> _TASK DIRECTIONS_: Pictures are to be left out, but please repeat each record exactly.

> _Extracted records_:

★ ★ ★ ★ ★

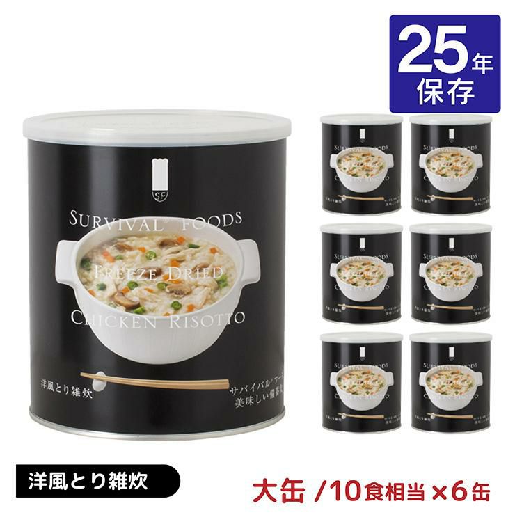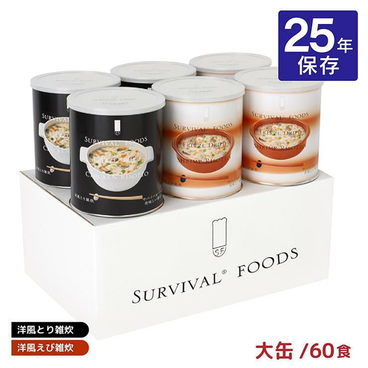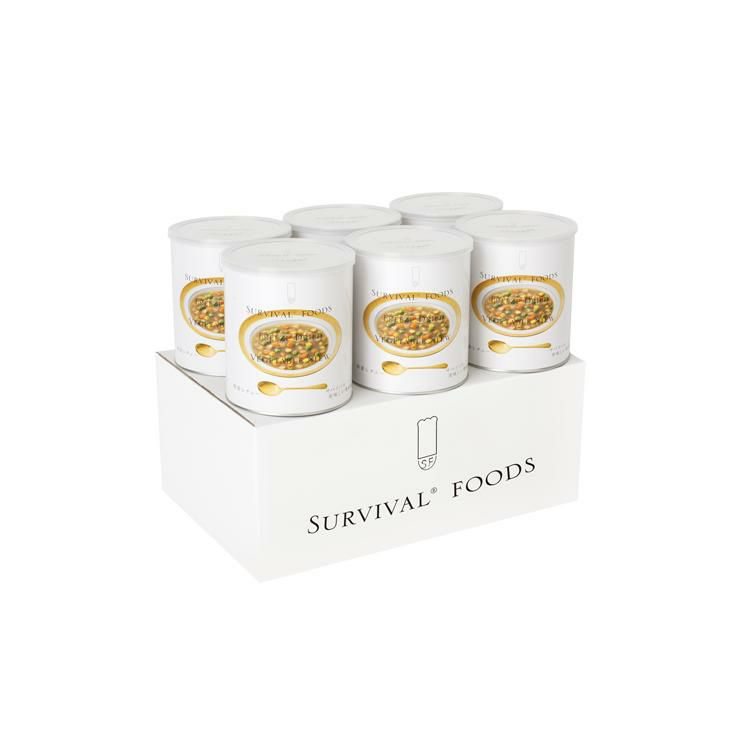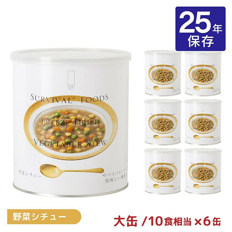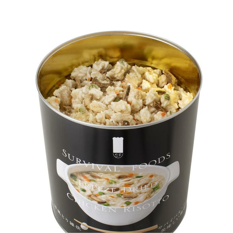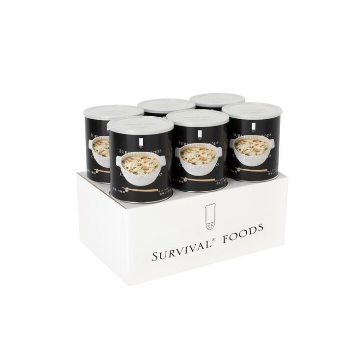 さらに、水を注ぐだけで調理できる「サバイバルフーズ」の缶詰は最長25年保存の超長期備蓄食。
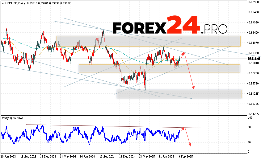 NZD/USD Weekly Forecast September 15 – 19, 2025 suggests an attempt to develop a bullish correction and test the resistance level near the area of 0.6035. Further, the NZD/USD pair will continue to fall to the area below the level of 0.5545. An additional signal in favor of a decline will be a test of the trend line on the relative strength indicator. The cancellation of the pair’s fall option will be a strong growth of NZD/USD quotes closing above the level of 0.6205. In this case, we should expect a continuation of the rise of the currency pair with a target above the level of 0.6435.
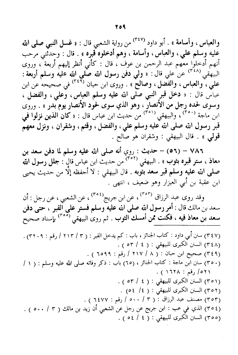 وَالْعَبَّاسُ، وَأُسَامَةُ» . أَبُو دَاوُد مِنْ رِوَايَةِ الشَّعْبِيِّ قَالَ: «غَسَّلَ النَّبِيَّ - صَلَّى اللَّهُ عَلَيْهِ وَسَلَّمَ - عَلِيٌّ، وَالْعَبَّاسُ، وَأُسَامَةُ، وَهُمْ أَدْخَلُوهُ قَبْرَهُ» . قَالَ: وَحَدَّثَنِي مَرْحَبٌ أَنَّهُمْ أَدْخَلُوا مَعَهُمْ عَبْدَ الرَّحْمَنِ بْنَ عَوْفٍ، قَالَ: كَأَنِّي أَنْظُرُ إلَيْهِمْ أَرْبَعَةً.
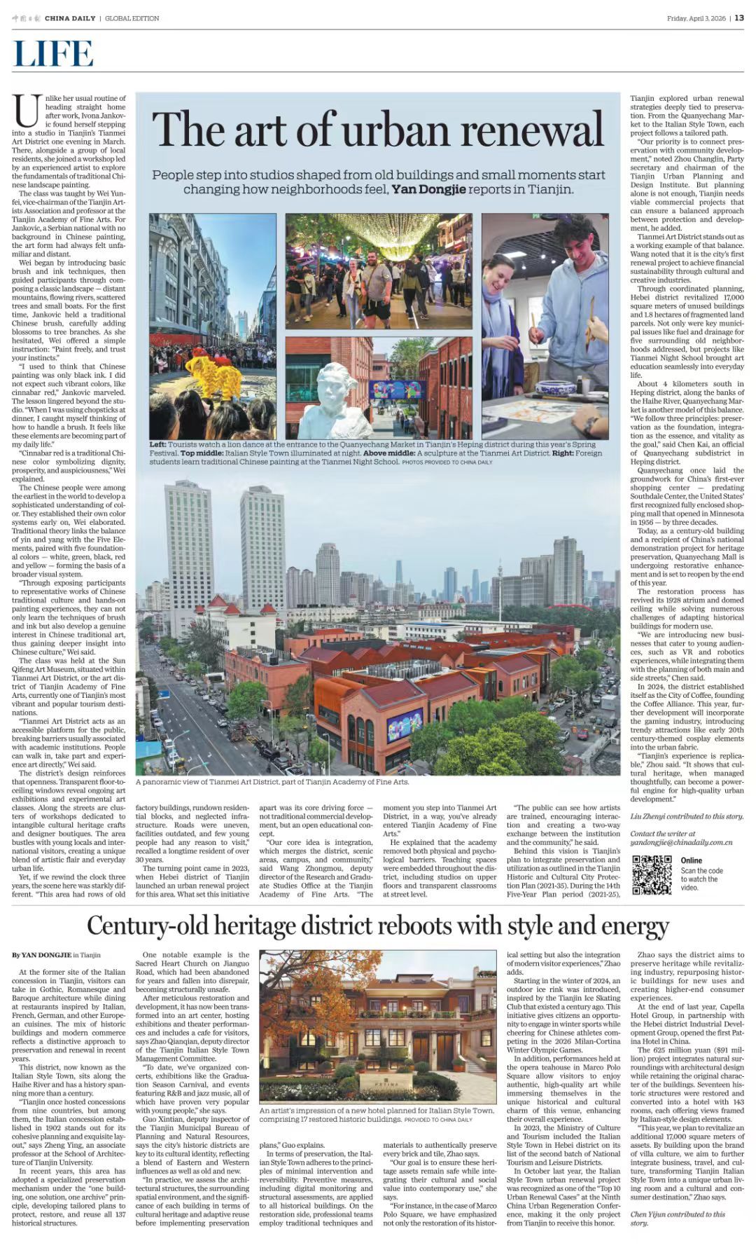 近日,《中国日报》整版聚焦天津城市焕新的智慧实践,其中天美艺术街区作为典型案例引发广泛关注。这里,曾是老旧的厂房与破败的居民楼,如今已蝶变为艺术与市井交融、校园与社区共生的活力街区。从塞尔维亚友人在天美夜校第一次拿起中国毛笔,到魏云飞教授“放开去画”的耐心指导;从通透的落地窗让课堂与街景相映,到“四区联动”模式打破校园与城市的边界——天美艺术街区不仅是天津首个依靠文创产业实现可持续运营的城市更新项目,更是天津美术学院以艺术服务社会、以文化赋能城市的生动场景。本期推送,让我们跟随《中国日报》的镜头与文字,一同走进这片“没有围墙的美院”,感受艺术如何让老城新生。
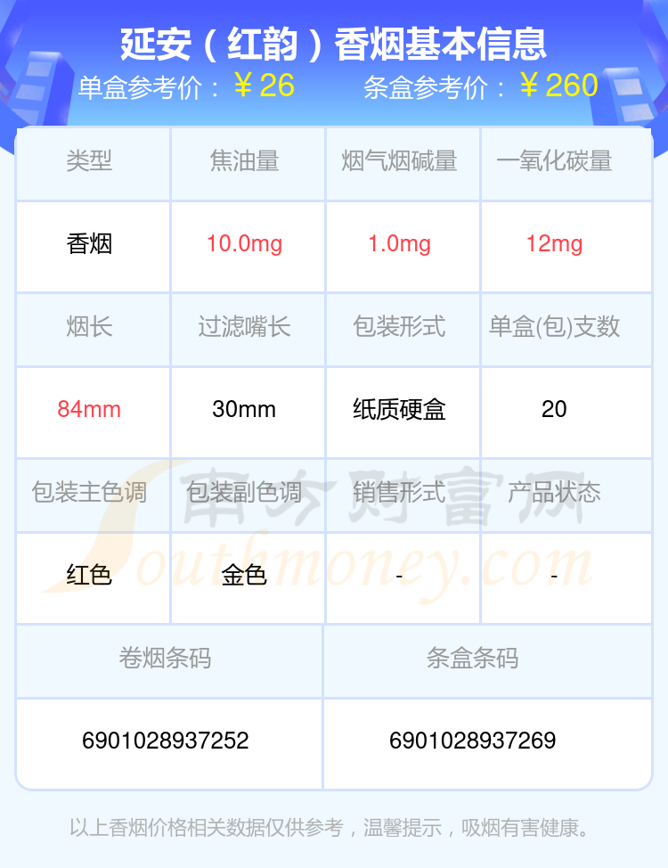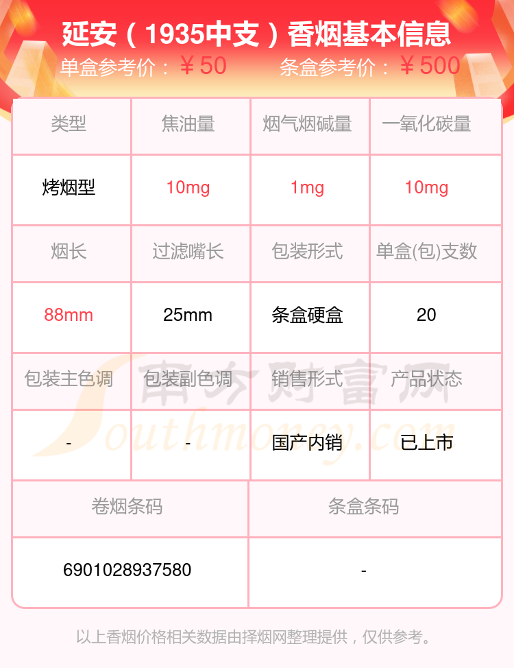 延安(1935)参考价50.0元/包、延安(中支1935)参考价50元/包、延安(1935中支)参考价50元/包、延安(红色记忆)参考价45.0元/包、延安(细支千年帝都)参考价40.0元/包、延安(千年帝都细支)参考价40元/包、延安(圣地河谷)参考价30元/包、延安(红韵)参考价26.0元/包、延安(世纪经典)参考价23.0元/包、延安(硬青春岁月)参考价20元/包等。
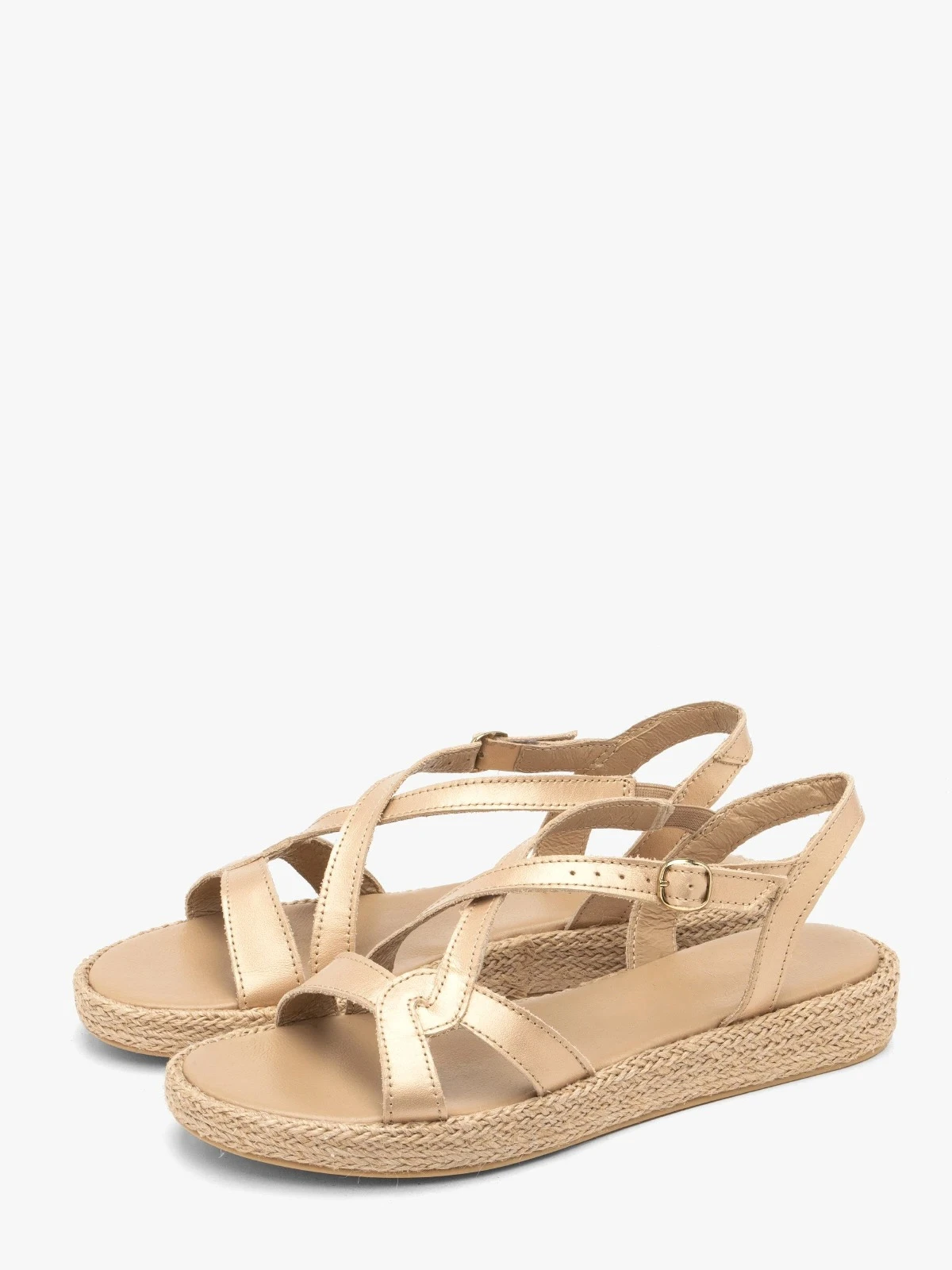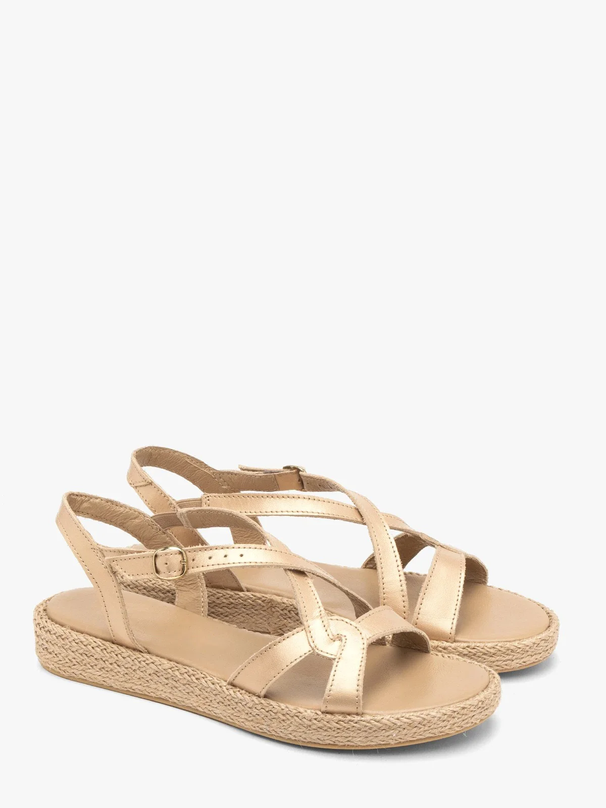 Factory Direct Women Gold Comfortable Sandals Strappy Flat Custom Logo Summer Beach Wholesale
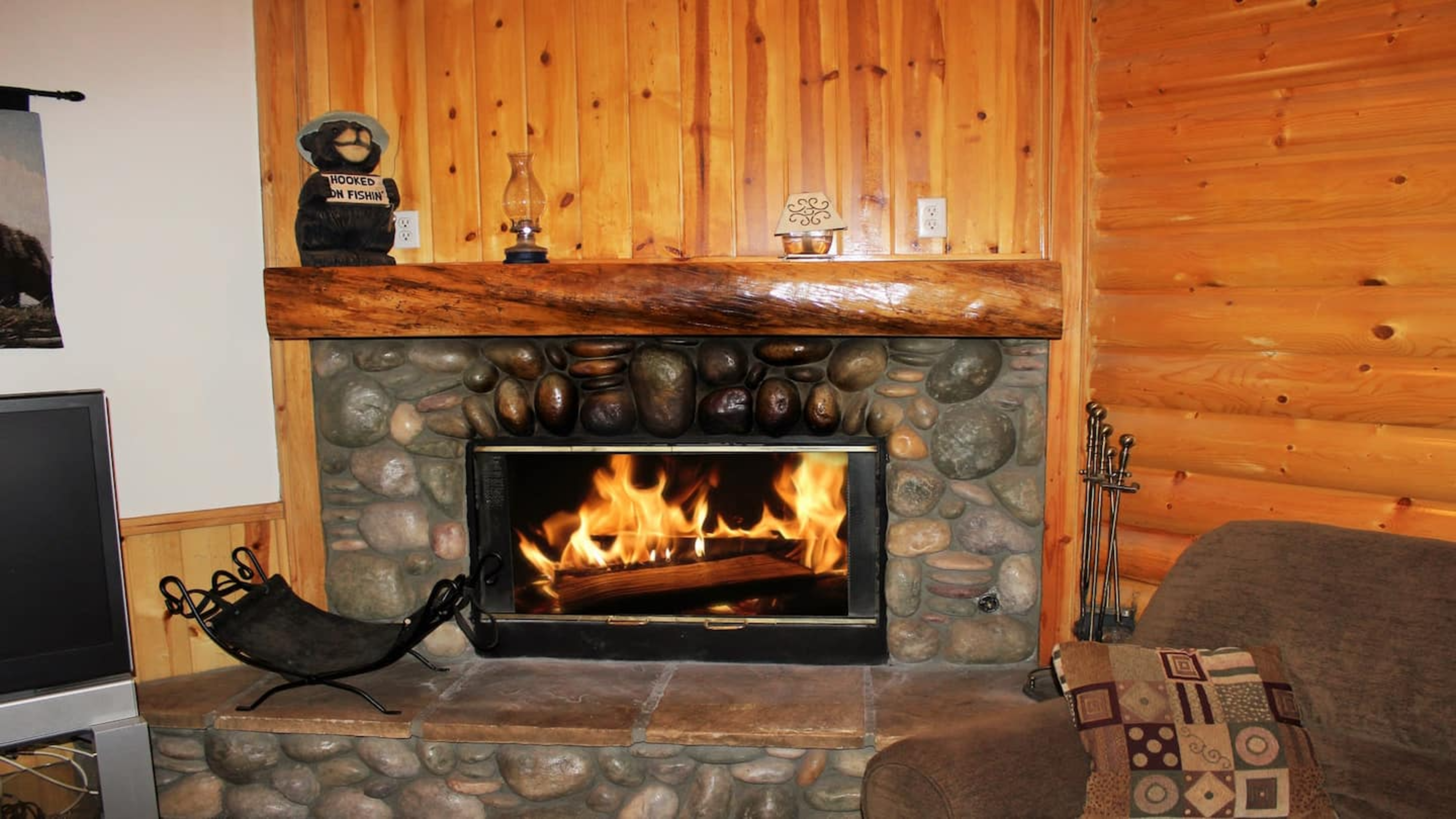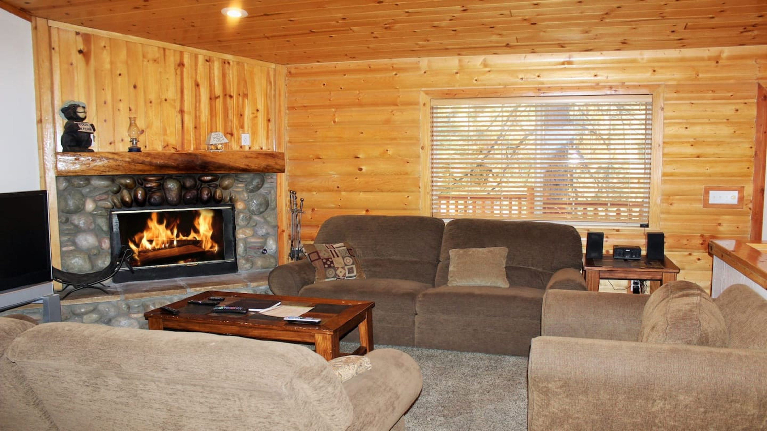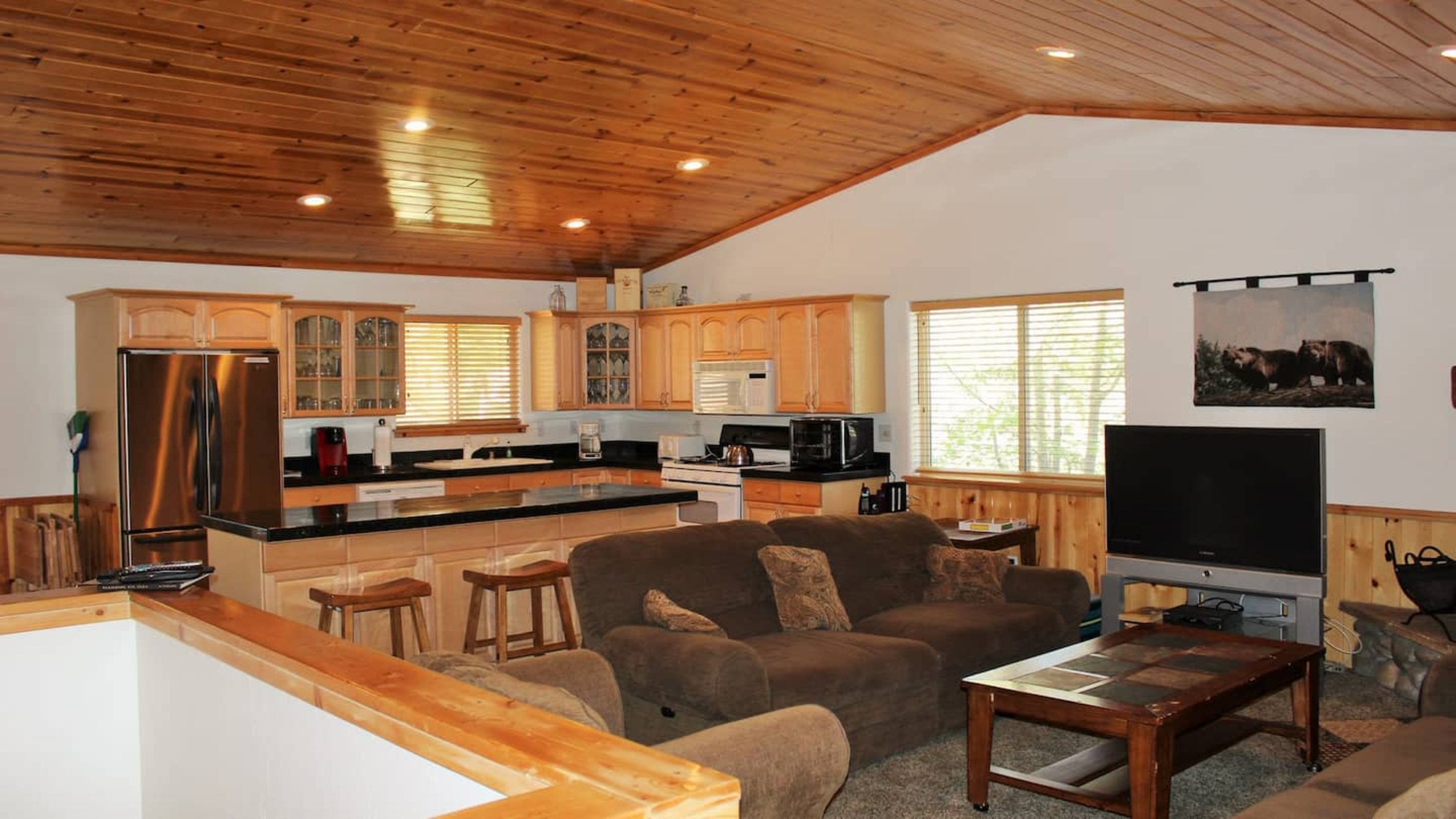 This custom-built 4-bedroom retreat has everything you need for a relaxing and fun-filled getaway. The cozy living room invites you to unwind by the wood-burning fireplace, enjoy a movie on the large flat-screen TV, or simply sink into the plush seating after a day outdoors.

★ ★ ★ ★ ★

> _RESULT OF THE TASK_:
 さらに、水を注ぐだけで調理できる「サバイバルフーズ」の缶詰は最長25年保存の超長期備蓄食。
 NZD/USD Weekly Forecast September 15 – 19, 2025 suggests an attempt to develop a bullish correction and test the resistance level near the area of 0.6035. Further, the NZD/USD pair will continue to fall to the area below the level of 0.5545. An additional signal in favor of a decline will be a test of the trend line on the relative strength indicator. The cancellation of the pair’s fall option will be a strong growth of NZD/USD quotes closing above the level of 0.6205. In this case, we should expect a continuation of the rise of the currency pair with a target above the level of 0.6435.
 وَالْعَبَّاسُ، وَأُسَامَةُ» . أَبُو دَاوُد مِنْ رِوَايَةِ الشَّعْبِيِّ قَالَ: «غَسَّلَ النَّبِيَّ - صَلَّى اللَّهُ عَلَيْهِ وَسَلَّمَ - عَلِيٌّ، وَالْعَبَّاسُ، وَأُسَامَةُ، وَهُمْ أَدْخَلُوهُ قَبْرَهُ» . قَالَ: وَحَدَّثَنِي مَرْحَبٌ أَنَّهُمْ أَدْخَلُوا مَعَهُمْ عَبْدَ الرَّحْمَنِ بْنَ عَوْفٍ، قَالَ: كَأَنِّي أَنْظُرُ إلَيْهِمْ أَرْبَعَةً.
 近日,《中国日报》整版聚焦天津城市焕新的智慧实践,其中天美艺术街区作为典型案例引发广泛关注。这里,曾是老旧的厂房与破败的居民楼,如今已蝶变为艺术与市井交融、校园与社区共生的活力街区。从塞尔维亚友人在天美夜校第一次拿起中国毛笔,到魏云飞教授“放开去画”的耐心指导;从通透的落地窗让课堂与街景相映,到“四区联动”模式打破校园与城市的边界——天美艺术街区不仅是天津首个依靠文创产业实现可持续运营的城市更新项目,更是天津美术学院以艺术服务社会、以文化赋能城市的生动场景。本期推送,让我们跟随《中国日报》的镜头与文字,一同走进这片“没有围墙的美院”,感受艺术如何让老城新生。
 延安(1935)参考价50.0元/包、延安(中支1935)参考价50元/包、延安(1935中支)参考价50元/包、延安(红色记忆)参考价45.0元/包、延安(细支千年帝都)参考价40.0元/包、延安(千年帝都细支)参考价40元/包、延安(圣地河谷)参考价30元/包、延安(红韵)参考价26.0元/包、延安(世纪经典)参考价23.0元/包、延安(硬青春岁月)参考价20元/包等。
 Factory Direct Women Gold Comfortable Sandals Strappy Flat Custom Logo Summer Beach Wholesale
 This custom-built 4-bedroom retreat has everything you need for a relaxing and fun-filled getaway. The cozy living room invites you to unwind by the wood-burning fireplace, enjoy a movie on the large flat-screen TV, or simply sink into the plush seating after a day outdoors.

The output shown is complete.